## WHAT IS BEING ASKED
In the data below, the answer is the run of lines from the line containing "3年生の図工では、紙の性質を" through the line containing "Az iroda két", both included; print it exactly and nothing else.
──────── DATA EXCERPTS
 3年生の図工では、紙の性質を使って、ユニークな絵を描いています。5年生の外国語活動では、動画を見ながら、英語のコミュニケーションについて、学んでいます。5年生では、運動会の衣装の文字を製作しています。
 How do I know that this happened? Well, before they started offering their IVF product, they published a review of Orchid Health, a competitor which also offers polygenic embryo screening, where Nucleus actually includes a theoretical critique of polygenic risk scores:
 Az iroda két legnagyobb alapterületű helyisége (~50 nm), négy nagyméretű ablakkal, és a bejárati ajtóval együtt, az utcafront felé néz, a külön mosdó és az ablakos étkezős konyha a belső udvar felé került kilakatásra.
────────────────
──────── DATA EXCERPTS
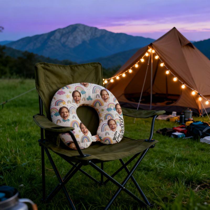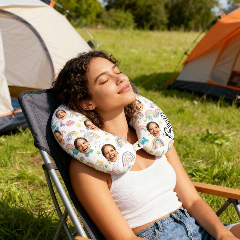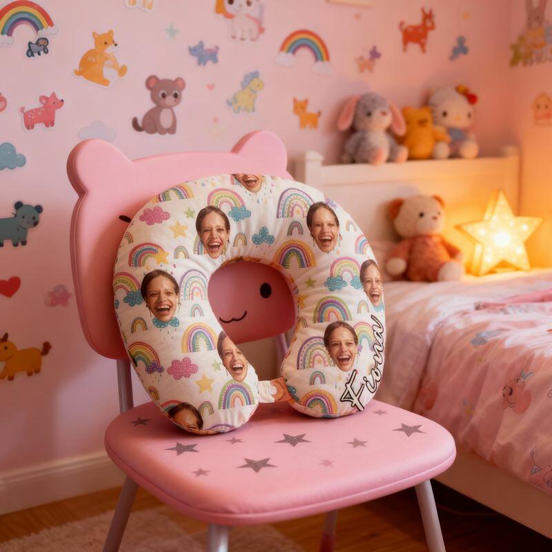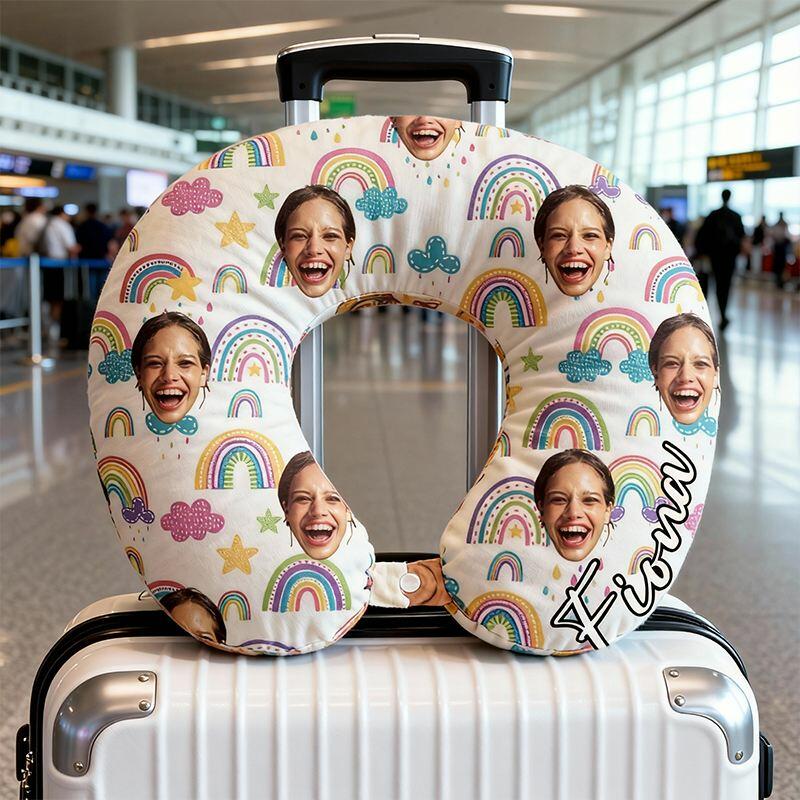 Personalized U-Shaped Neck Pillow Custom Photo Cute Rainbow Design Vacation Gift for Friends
────────────────
──────── DATA EXCERPTS
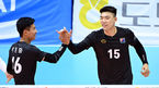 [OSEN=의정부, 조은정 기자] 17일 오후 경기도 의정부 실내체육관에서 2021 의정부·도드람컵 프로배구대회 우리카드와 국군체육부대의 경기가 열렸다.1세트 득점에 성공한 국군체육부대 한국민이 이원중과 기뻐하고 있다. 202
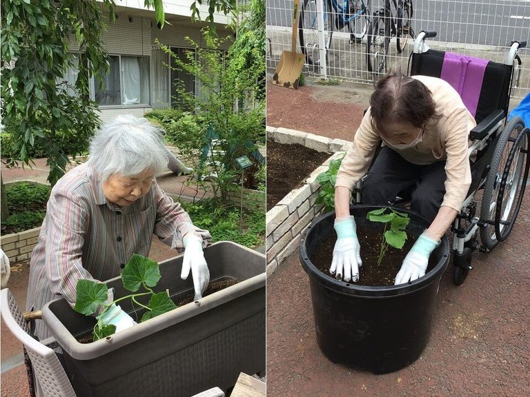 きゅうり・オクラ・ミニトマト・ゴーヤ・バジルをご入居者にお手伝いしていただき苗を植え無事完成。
────────────────
## WRITTEN ANSWER
 3年生の図工では、紙の性質を使って、ユニークな絵を描いています。5年生の外国語活動では、動画を見ながら、英語のコミュニケーションについて、学んでいます。5年生では、運動会の衣装の文字を製作しています。
 How do I know that this happened? Well, before they started offering their IVF product, they published a review of Orchid Health, a competitor which also offers polygenic embryo screening, where Nucleus actually includes a theoretical critique of polygenic risk scores:
 Az iroda két legnagyobb alapterületű helyisége (~50 nm), négy nagyméretű ablakkal, és a bejárati ajtóval együtt, az utcafront felé néz, a külön mosdó és az ablakos étkezős konyha a belső udvar felé került kilakatásra.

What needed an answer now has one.